*** SUPPLIED MATERIAL ***
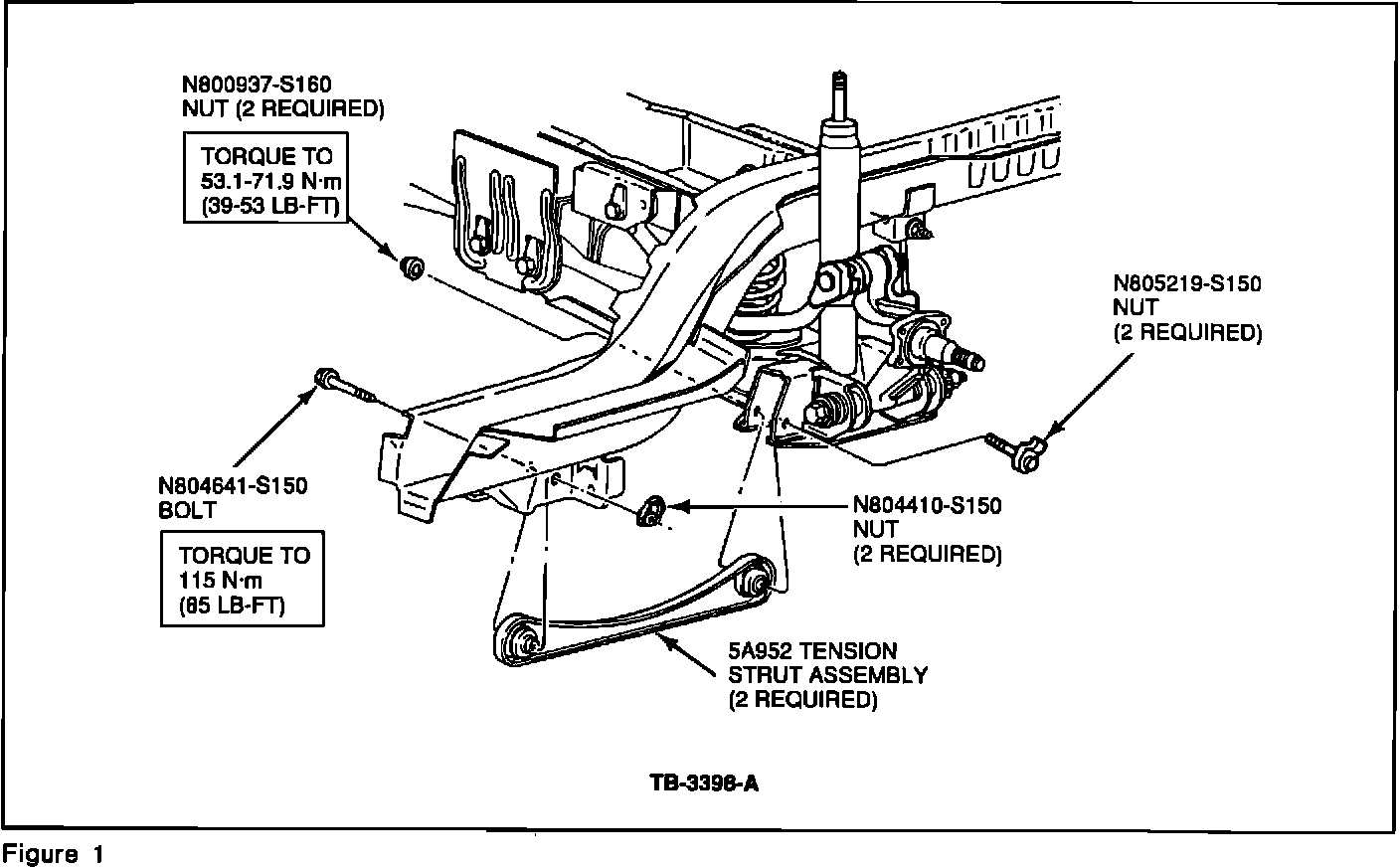 Using a torque wrench, hand tighten the body attaching fastener to 115 N-m (85 lb.ft.), Figure 1. The increased clamp load on the bushing inner sleeve prevents movement, eliminating the noise.
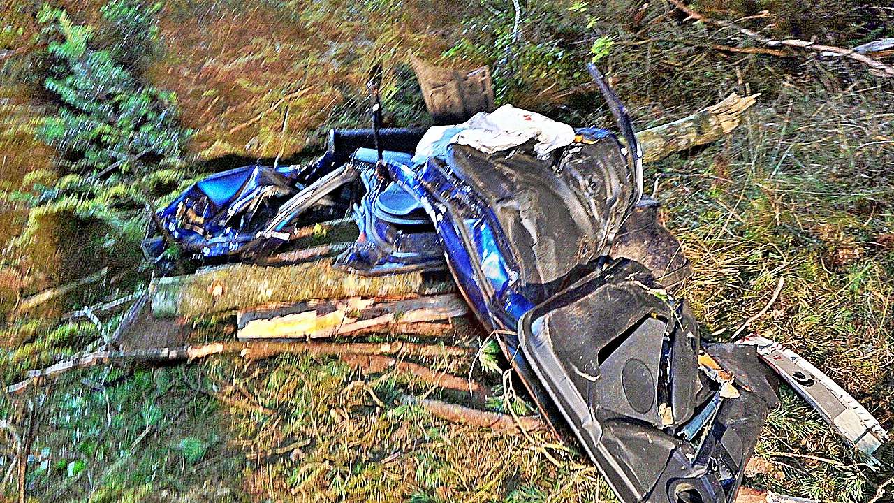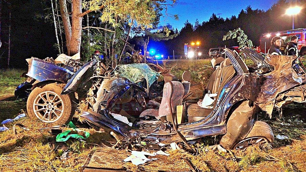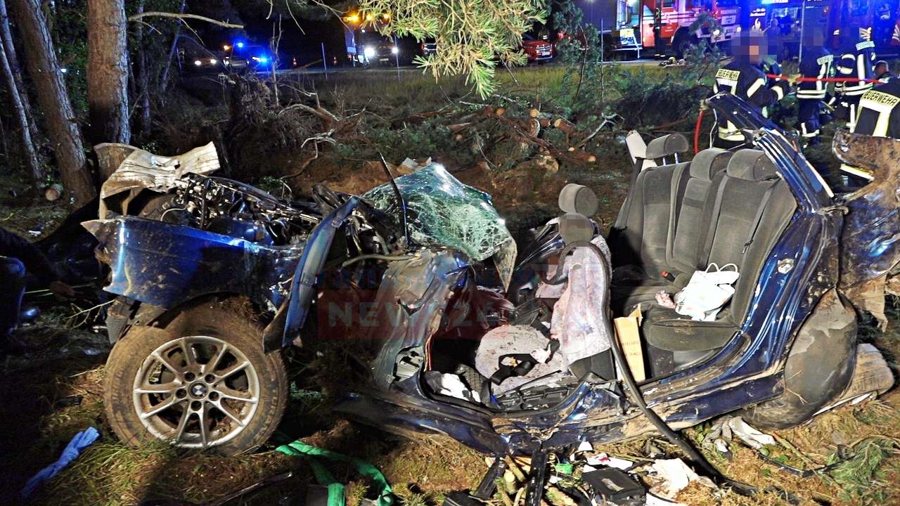 Ein 59-jähriger BMW-Fahrer war mit einer 19-jährigen Jugendlichen und einer 47-jährigen Frau unterwegs, als er laut ersten Erkenntnissen der Polizei beim Überholen eines PKW mit Anhänger die Kontrolle über sein Fahrzeug verlor. Der BMW kam mit hoher Geschwindigkeit von der Fahrbahn ab, durchbrach den Wildschutzzaun und prallte gegen mehrere Bäume.
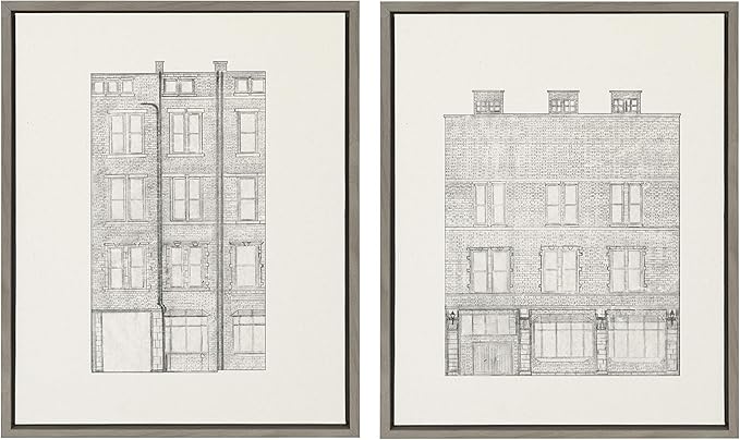 Kate and Laurel Sylvie Brick Building Façade Framed Canvas Wall Art by Viola Kreczmer, Set of 2, 18x24 Gray, Boho Chic Wall Decor
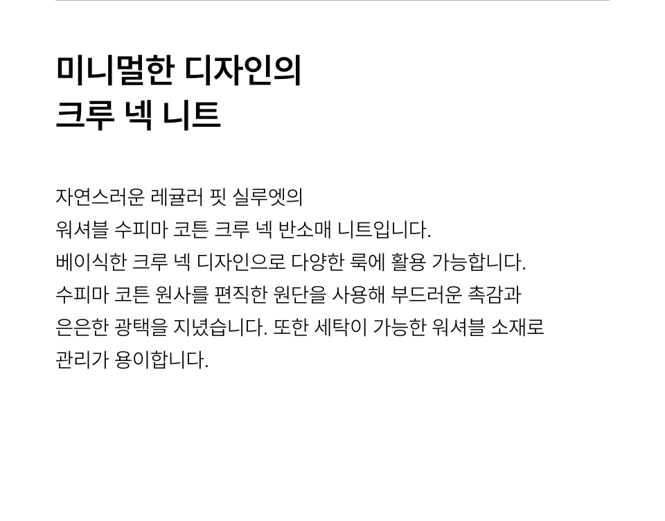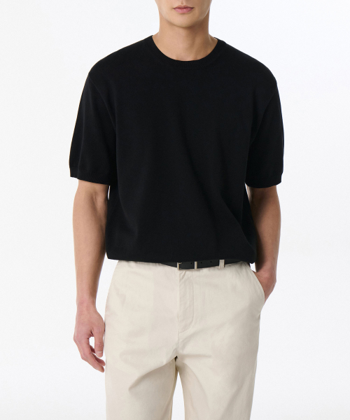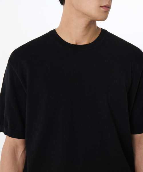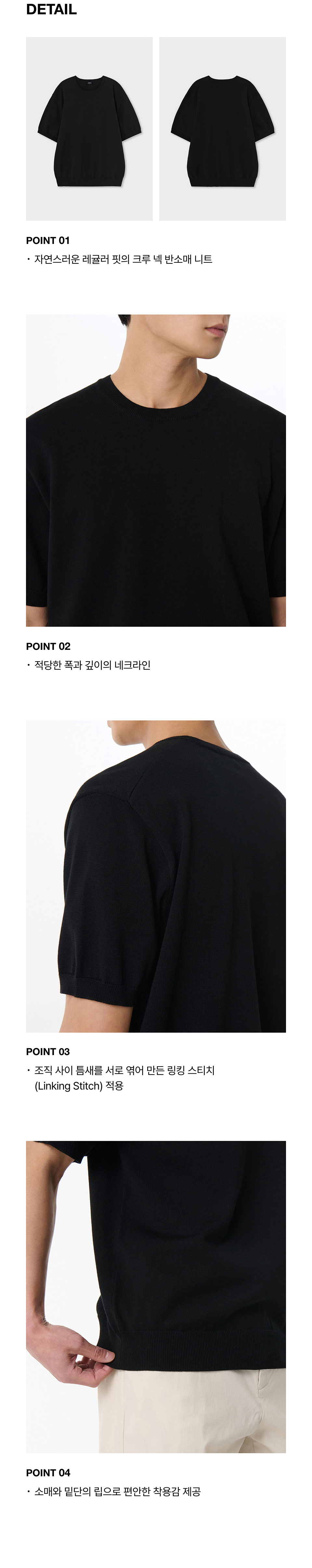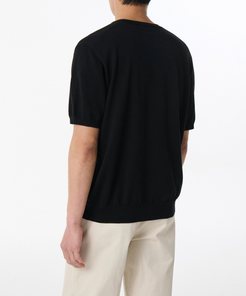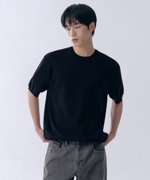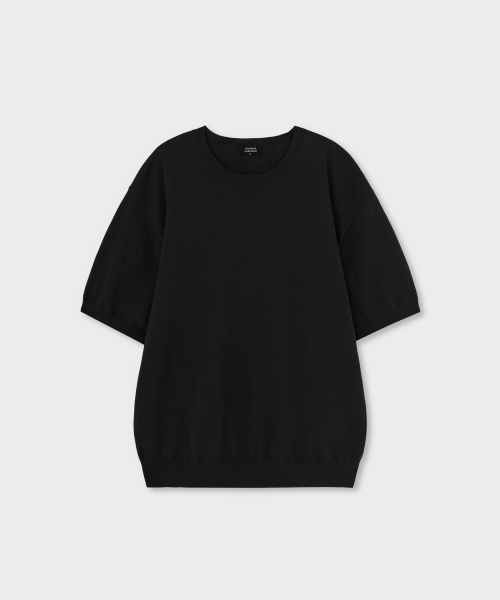워셔블 수피마 코튼 크루 넥 반소매 니트 [블랙]
*** End of SUPPLIED MATERIAL ***
WHAT NEEDS TO BE DONE>
The copy should match each line above exactly and contain no images.

OUTPUT>
 Using a torque wrench, hand tighten the body attaching fastener to 115 N-m (85 lb.ft.), Figure 1. The increased clamp load on the bushing inner sleeve prevents movement, eliminating the noise.
 Ein 59-jähriger BMW-Fahrer war mit einer 19-jährigen Jugendlichen und einer 47-jährigen Frau unterwegs, als er laut ersten Erkenntnissen der Polizei beim Überholen eines PKW mit Anhänger die Kontrolle über sein Fahrzeug verlor. Der BMW kam mit hoher Geschwindigkeit von der Fahrbahn ab, durchbrach den Wildschutzzaun und prallte gegen mehrere Bäume.
 Kate and Laurel Sylvie Brick Building Façade Framed Canvas Wall Art by Viola Kreczmer, Set of 2, 18x24 Gray, Boho Chic Wall Decor
워셔블 수피마 코튼 크루 넥 반소매 니트 [블랙]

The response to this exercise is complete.